Composition of clays along the continental shelf off Israel: contribution of the Nile versus local sources
Introduction
The sandy sediments deposited on the eastern Mediterranean shallow shelf along the Sinai and Israel coasts are derived from the Nile River and its delta. This has been established both by measuring current and wave directions (Emery and Neev, 1960, Golik, 1997) and by various sediment characteristics (Pomerancblum, 1966, Rossignol, 1969). Much attention has been given to sand transport along the Israeli coast since the cessation of sediment supply to the sea by the Nile, due to the construction of the Aswan Dam in 1964, and its immediate impact on the erosion of the Egyptian coast. Furthermore, longshore sand transport along the Israeli coast has been obstructed by seaward projecting coastal installations (Golik, 1997). While sand movement has been given much attention, there is no information on the clay chemical composition and only limited information on its mineralogical composition and spatial distribution on the shallow shelf off Israel. Clays in the marine environment are easily dispersed by currents and may serve as good tracers for their source (e.g. Chamley, 1989, Gingele and Leipe, 1997).

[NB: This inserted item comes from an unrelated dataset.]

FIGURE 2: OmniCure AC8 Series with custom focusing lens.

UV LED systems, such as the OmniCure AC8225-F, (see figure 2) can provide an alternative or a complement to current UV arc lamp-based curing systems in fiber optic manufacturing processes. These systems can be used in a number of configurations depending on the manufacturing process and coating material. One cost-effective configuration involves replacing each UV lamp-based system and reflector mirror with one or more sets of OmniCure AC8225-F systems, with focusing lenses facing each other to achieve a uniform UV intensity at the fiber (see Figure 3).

Since organic and inorganic pollutants tend to concentrate in the clay fraction, the recognition of continental clay transport in the sea might bear environmental significance.

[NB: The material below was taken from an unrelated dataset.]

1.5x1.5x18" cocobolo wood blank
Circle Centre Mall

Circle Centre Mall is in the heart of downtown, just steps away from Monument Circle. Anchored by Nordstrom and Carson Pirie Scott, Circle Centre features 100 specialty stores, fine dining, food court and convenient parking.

The mineralogical composition of the clay fraction in sediments from the Nile Delta to northeast of Cyprus has been established as almost uniform, consisting of smectite (50–80%), kaolinite (Ka) (15–40%), illite (I) (0–15%), and possible traces of chlorite (Ch) (Venkatarathnam and Ryan, 1971, Nir and Nathan, 1972, Maldonado and Stanley, 1981, Emelyanov, 1994). The contribution from the Nile River was regarded as dominant, whereas contribution to the shelf from the Sinai and Israeli streams was assumed to be negligible (Nir, 1984). Most of the previous clay studies outlined the general pattern of the Levantine Basin, with no specific attention to the shallow shelf (<1000 m depth).

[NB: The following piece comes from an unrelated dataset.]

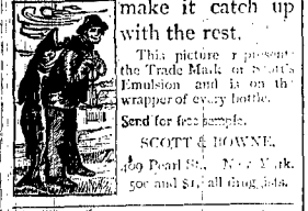
This picture represents the Trade Mark of Scott's Emulsion and is on the wrapper of every bottle. Send for free sample. SCOTT & BOWNE, 109 Pearl St., New York. 50c and $1.00 bottles.

Scott's Emulsion can stop that blight. There is no reason why such a child should stay small. Scott's Emulsion is a medicine with lots of strength in it—the kind of strength that makes things grow. Scott's Emulsion makes children grow, makes them eat, makes them sleep, makes them play. Give the weak child a chance. Scott's Emulsion will make it catch up with the rest.

Recently, Stanley et al., 1997, Stanley et al., 1998 determined clay mineralogical composition of Israeli stream sediments, compared them to those of the eastern Mediterranean sediments and the Nile and concluded that there is a certain, but unquantified, contribution from the Israeli streams. High concentrations of trace-metals in marine sediments of the shallow shelf off Israel were found in a study by Goldsmith et al. (submitted), who suggested contribution by fine fractions of polluted streams.
There is no direct measurement or even estimation of the quantity or composition of sediments that are carried by the streams to the sea. Several streams are only monitored for their annual water. Clay fraction composition should be used to evaluate the continental contribution to the shallow shelf sediments.
All previous clay studies used the relative content of smectite, kaolinite and illite as a source indicator. The term “smectite” or ‘montmorillonite’ included also IS phases. The Nile smectite was once determined as a disordered IS with an illitic (non-expandable) component in the range of 20–40% (Weir et al., 1975). No such compositional analysis has yet been applied to the smectites and IS phases of the eastern Mediterranean and coastal stream sediments.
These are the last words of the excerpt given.